We originally bought a decent compass. We replaced it with an awesome compass. Writing the drivers was a breeze (I did it in about an hour). The beauty of the OS-4000T that we got is that it’s so darn robust. You can turn it any which way, and it will still be able to give you a damn good reading on what direction you’re pointing (relative to it’s orientation, of course). This makes it awesome for a robot, which won’t be a stable/level enough platform for another, non-compensated compass to be effective on. There was a lot of magic going on in that compass, to be honest; it’s a great little package that takes care of a lot of potential problems just by calibrating it. It maybe could have used a little more separation from the robot’s EM field generators (AKA all the electronics and motors and junk), but it did a very admirable job.
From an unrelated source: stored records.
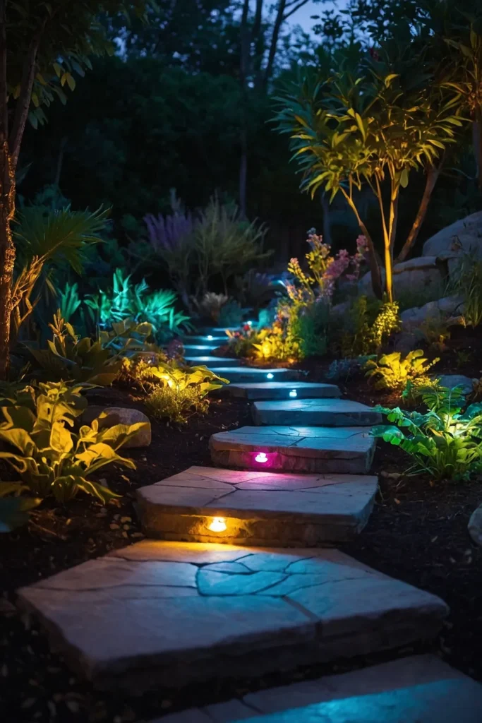 Install smart pathway lighting with color-changing capabilities for customizable outdoor ambiance.
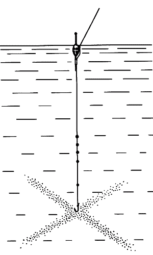 На обширных пространствах водохранилища, особенно в период глухозимья, сразу найти плотву удается редко. Предпочтение надо отдавать участкам с незначительным течением. Излучины русел затопленных речек и ручьев зачастую образовывают своеобразные подводные столы — так принято называть довольно обширные ровные площади дна (рис. 140). Желательно обследовать вначале их, причем преимущественно те, где имеется небольшой коряжник. Далее уже можно «прощупать» подводные бровки, свалы и отыскать пятачок с лудами, воронками, другими неровностями дна, где глубина колеблется в пределах 3,5–5 м, или подводную банку, т. е. ограниченное в размерах подводное плато, возвышающееся на фоне окружающих глубин. В любом случае предпочтение следует отдавать тем местам, дно которых хоть чем-то выделяется в общей картине дна водоема. Например, на Рузском водохранилище, отыскивая под водой перепады глубин вблизи русла с умеренно закоряженными местами, я часто попадал на стоянки крупной плотвы на тех участках, где затопленное русло реки проходило вблизи того или иного залива. Иногда уловистый участок оказывался у поваленного с крутого берега и вросшего в лед дерева или у затопленных кустов. Сильно заиленных, непроточных мест в период прочного ледостава плотва избегает — там наименьшая концентрация растворенного в воде кислорода. На незнакомом водоеме лучше начинать рыбалку с облова границ умеренного и спокойного течений, где преобладает галечно-песчаное дно. Ориентироваться можно на береговые обнажения горных пород, находящиеся вблизи данного места. На значительном удалении от берега полезно взять пробу грунта со дна водоема при помощи какого-нибудь примитивного приспособления. Кстати, исследование случайно оказавшегося на крючке донного мусора тоже может дать много полезной информации о режиме жизни под водой. Если веточка не облеплена живыми организмами, значит, вода на данном участке очень плохо обогащена кислородом и искать рыбу здесь не стоит. И напротив, нахождение на коряжине водорослей с шевелящимися в них личинками насекомых, как правило, говорит о том, что найден участок с хорошей кормовой базой для рыбы.
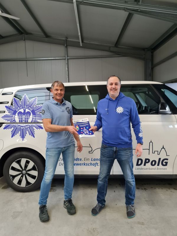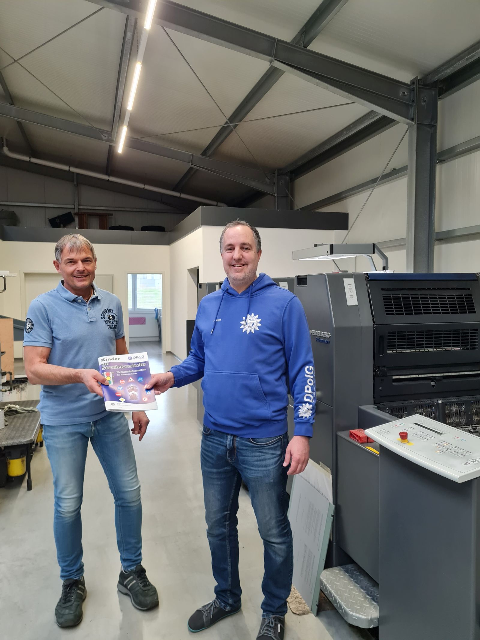Kurz vor den Feiertagen besucht Andre Gudel, 1. Stv. Vorsitzender der DPOlG Bremen die Firma Kleerbaum Druck in Dülmen. Genau dort wird ‚Kinder im Straßenverkehr‘ seit Jahren gedruckt und zusammengetragen. Inhaber und Drucker Thomas Kleerbaum zeigt Andre Gudel persönlich wo und wie genau die beliebten Malbücher entstehen. Nach einer kleinen Tour durch den Betrieb wird gleich die aktuelle Auflage für die KiTa’s und Grundschulen in Bremerhaven in den gewerkschaftseigenen ID-Buzz verladen. So kann der Verkehrsunterricht nach den Ferien in der Hafenstadt direkt losgehen.
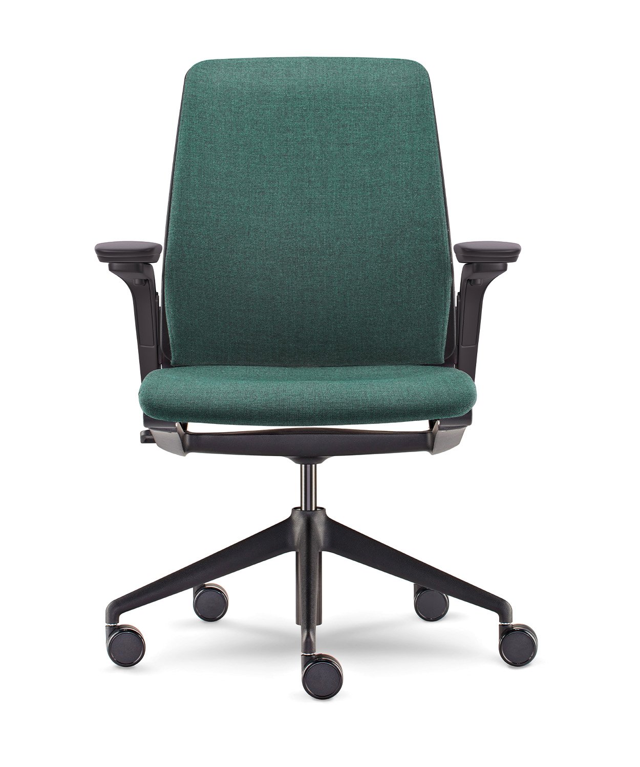 Unifi features a midcentury-inspired design with a soft, upholstered seat and industrial metal frame. The armless chair rolls smoothly on casters, making it adaptable to a variety of workplace needs. It is available in all of Keilhauer’s powder-coat finishes—including a newly launched palette—and can be upholstered in a range of textiles, faux leathers, and leathers.
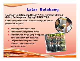 Dokumen ini membahas langkah-langkah untuk memperbaiki kurikulum pendidikan Malaysia melalui pengembangan modal insan yang seimbang dan holistik. Penekanannya adalah pada pengajaran nilai-nilai murni, kemahiran abad ke-21, serta kreativiti dan teknologi dalam pendidikan. Transformasi kurikulum memerlukan kerjasama dari semua pihak termasuk guru dan orang tua untuk memastikan pendidikan yang relevan dan berkualiti.
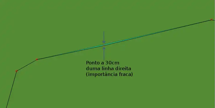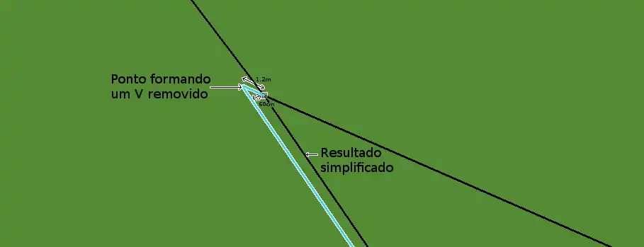 O método de simplificação é baseado num Douglas-Peucker com uma pequena diferença : os pontos que introduzam uma diferença de ângulo >40° são considerados significativos e são de facto guardados. Foi considerado que um ponto não é significativo se, quando removido, fica a menos de dois metros da linha traçado sem ele. Qualquer que seja o ângulo, um ponto é sempre removido se ele fica situado a menos de 30cm da linha traçado sem ele.
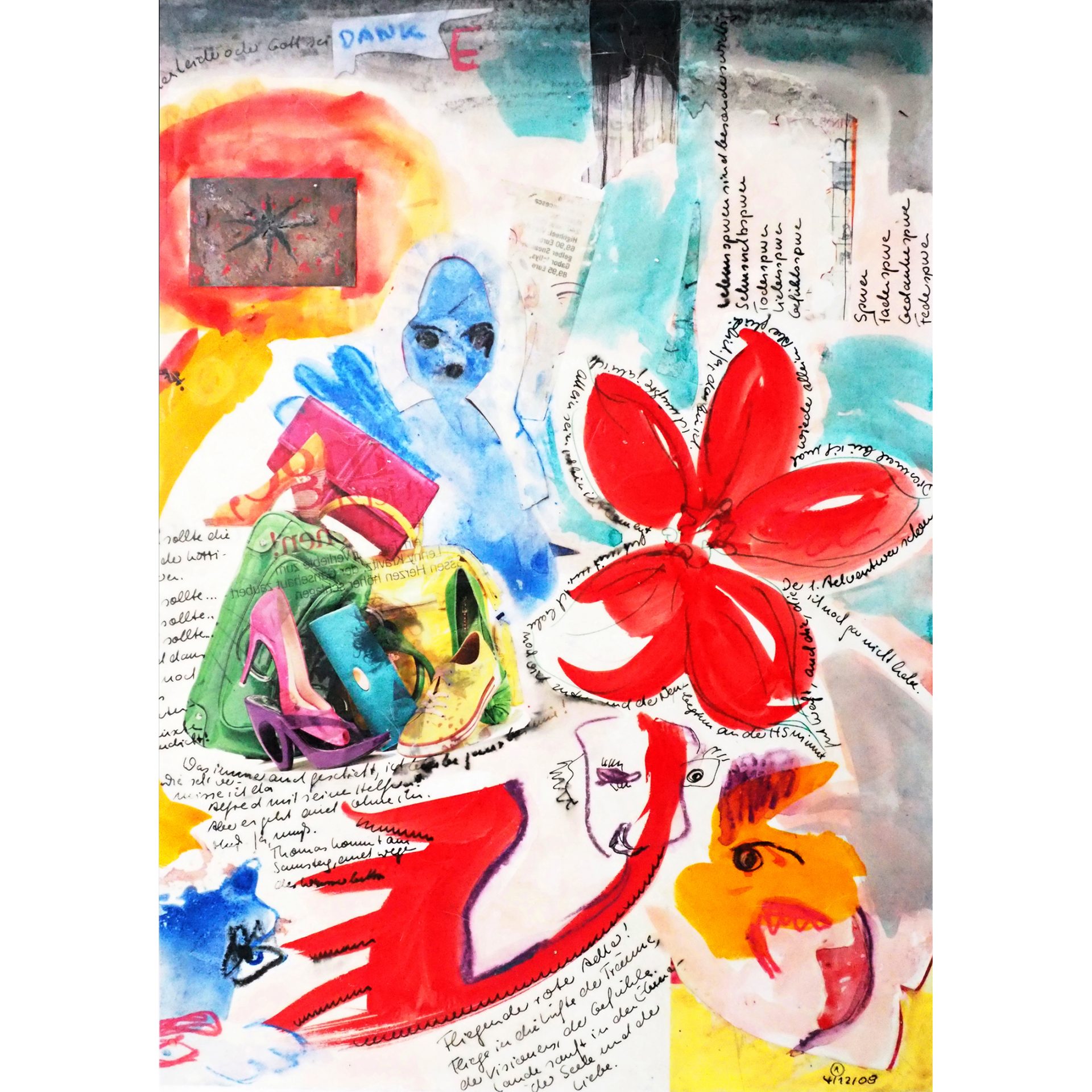 Notizen, Zeichen, eine rote Blüte – alles in Bewegung. Lebensfreude als Collage der Überfülle.
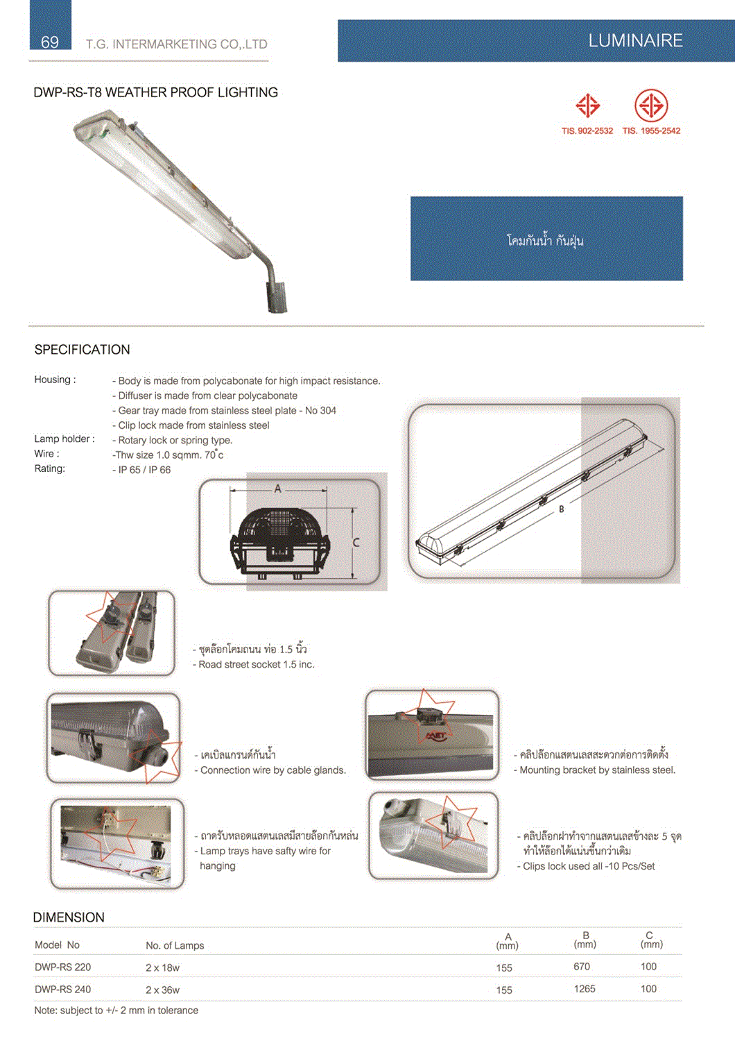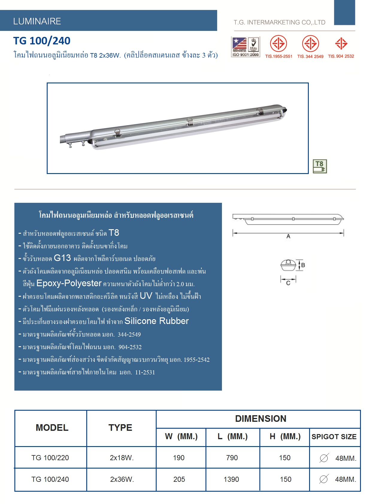 โคมถนน T8 IP65
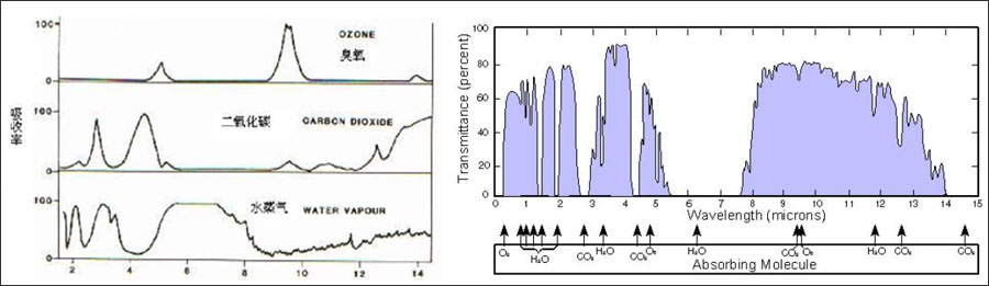 此外,CO2濃度的時(shí)空分布梯度與地表碳通量呈相關(guān)關(guān)系,熱紅外波長(cháng)大與4微米,大氣散射輻射不僅是大氣溫度的函數,而且也是大氣內部組成的函數。對于一個(gè)特定波長(cháng),吸收系數與大氣組成、溫度和壓力有關(guān)。一般大氣對熱紅外輻射的衰減主要是由氣體分子的吸收和氣體分子、氣溶膠的散射所引起的,大氣對熱紅外的吸收體主要是CO2、水汽和O3:
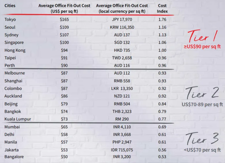 Tokyo leads the regional rankings with average fit out costs of US$165 psf (JPY17,970) as construction costs compete with the forthcoming Olympics coupled by an ageing labour market is pushing costs up.
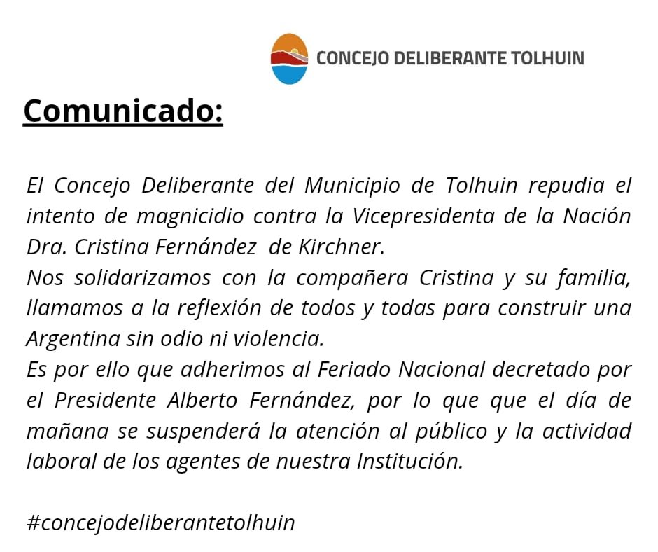 InicioLocalesEl Consejo Deliberante de Tolhuin repudia el atentado a la Señora Vicepresidenta...LocalesEl Consejo Deliberante de Tolhuin repudia el atentado a la Señora Vicepresidenta Cristina Kirchner y adhiere al al Feriado Nacional para el dia de hoy.Publicada en2 de septiembre de 2022Por kaminoticiasFacebookXPinterestWhatsApp Últimos Articulos JudicialesAllanan la casa de Suárez Mason en busca de archivos de la dictadura El juez federal Daniel Rafecas allanó la casa en la que vivía Carlos Guillermo Suárez Mason, jefe... 13 de abril de 2026 ConcejoEL CONCEJO DELIBERANTE CONFORMÓ LAS SALAS DE JUICIO POLÍTICO En ese marco, se llevó adelante el sorteo para la conformación de las Salas... 13 de abril de 2026 GremialesNo olvidamos ni perdonamos ¡Victor Choque presente! “A 31 años del asesinato de Víctor Choque, primer trabajador muerto en democracia por... 13 de abril de 2026 GuerraDonald Trump tildó de «débil y terrible» al Papa y León XIV respondió: «No le temo» El papa León XIV afirmó que no tiene “ningún temor a la administración Trump”... 13 de abril de 2026 Más Noticias JudicialesAllanan la casa de Suárez Mason en busca de archivos de la dictadura El juez federal Daniel Rafecas allanó la casa en la que vivía Carlos Guillermo Suárez Mason, jefe... 13 de abril de 2026 ConcejoEL CONCEJO DELIBERANTE CONFORMÓ LAS SALAS DE JUICIO POLÍTICO En ese marco, se llevó adelante el sorteo para la conformación de las Salas... 13 de abril de 2026 GremialesNo olvidamos ni perdonamos ¡Victor Choque presente! “A 31 años del asesinato de Víctor Choque, primer trabajador muerto en democracia por... 13 de abril de 2026
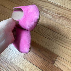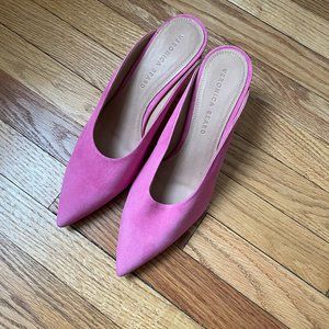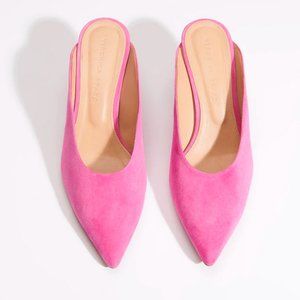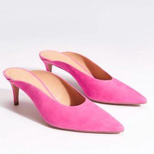 our Taran Mules deliver a pop of color and style. Bring a sense of playfulness to a refined power suit when wearing this bright pair. Available in French Rose.

The GPS, however, did not. We used a standard USB GPS from Fry’s (I think it was a SiRF-II chipset), and it worked OK… but it just wasn’t very trustworthy. We experimented with some different methods to get better data out of it (stopping, averaging, etc.), but none of us had much experience with GPS… nor a whole lot of time to dedicate to the challenge. We got a semi-working strategy down, but it was all for nought — the PL2303 USB-Serial chip built into the module went tits-up not 48 hours before the competition, so we had to toss GPS anyway. Prolific’s PL chips are fairly popular for USB-Serial interfacing; they’re cheap and all over the place. Chances are if you’ve worked with USB-Serial adapters in the past, you’ve seen one or had to install drivers for them. They’re not as stable or reliable, however, as the FTDI chips, in my experience. So if you’re looking for a USB-Serial adapter… I’d recommend _FTDI cables_ and _circuits_. I’ve also had good experiences with the _CP2102_ from Silicon Labs, though I haven’t seen them embedded in many devices. The CP’s and FTDI’s have just not caused me any problems.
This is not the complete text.